Take the lines from the one with "指揮器加熱器結構簡單,主要由" through the last line of the material below and write them out exactly, without any pictures.

• _Dataset excerpt_
* * * *

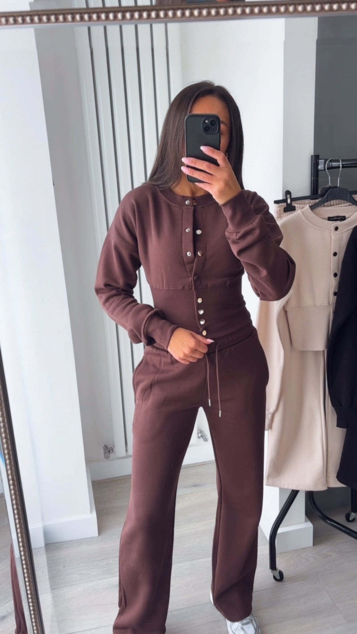Step out in style with the Chloe button front cinch waist ling sleeve top and jogger set. This stunning set features a cinched waist design jacket with button detail and matching joggers that offer ultimate comfort.
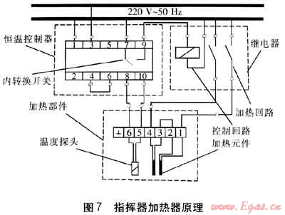 指揮器加熱器結構簡單,主要由加熱部件(見圖6)、恒溫控制器和繼電器三部分組成,其中恒溫控制器和繼電器只能安裝在非防爆區(qū)域,通過導線對加熱部件進行連接,加熱部件則通過配件安裝在調(diào)壓器指揮器上游信號管上,通過加熱部件中的加熱元件對指揮器信號管內(nèi)的燃氣進行加熱。指揮器加熱器是通過不同的元器件的綜合作用達到自動控制加熱的目的,原理見圖7,圖中的數(shù)字1~10為開關接線端子編號,接線時按圖7要求,其中2、5端子為備用。設:
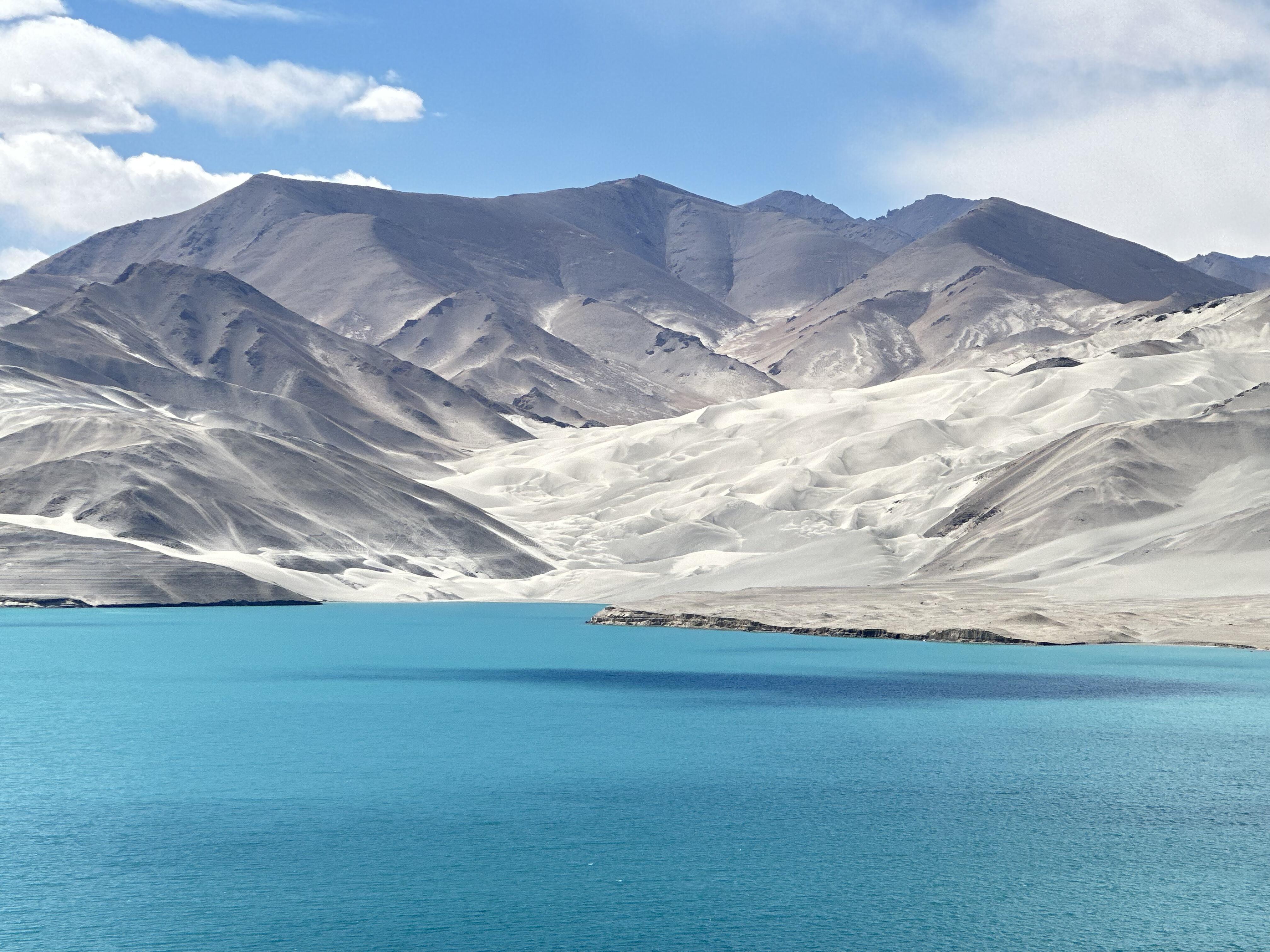 随后停靠白沙湖北岸,与南岸的白沙湖不同,北岸的白沙湖少了游人的拥挤,更能独享这片美景,白沙湖中拥有碧蓝的湖水,远处是散落一地洁白色的沙子,而在湖泊的四周远处则是皑皑雪山。整个白沙湖都被四周的雪山团团包围住,四周高大的雪山犹如像一位慈祥的“母亲”一样守护着这片高原湖泊,让它不被外界打扰。

* * * *

• _Exercise response_
 指揮器加熱器結構簡單,主要由加熱部件(見圖6)、恒溫控制器和繼電器三部分組成,其中恒溫控制器和繼電器只能安裝在非防爆區(qū)域,通過導線對加熱部件進行連接,加熱部件則通過配件安裝在調(diào)壓器指揮器上游信號管上,通過加熱部件中的加熱元件對指揮器信號管內(nèi)的燃氣進行加熱。指揮器加熱器是通過不同的元器件的綜合作用達到自動控制加熱的目的,原理見圖7,圖中的數(shù)字1~10為開關接線端子編號,接線時按圖7要求,其中2、5端子為備用。設:
 随后停靠白沙湖北岸,与南岸的白沙湖不同,北岸的白沙湖少了游人的拥挤,更能独享这片美景,白沙湖中拥有碧蓝的湖水,远处是散落一地洁白色的沙子,而在湖泊的四周远处则是皑皑雪山。整个白沙湖都被四周的雪山团团包围住,四周高大的雪山犹如像一位慈祥的“母亲”一样守护着这片高原湖泊,让它不被外界打扰。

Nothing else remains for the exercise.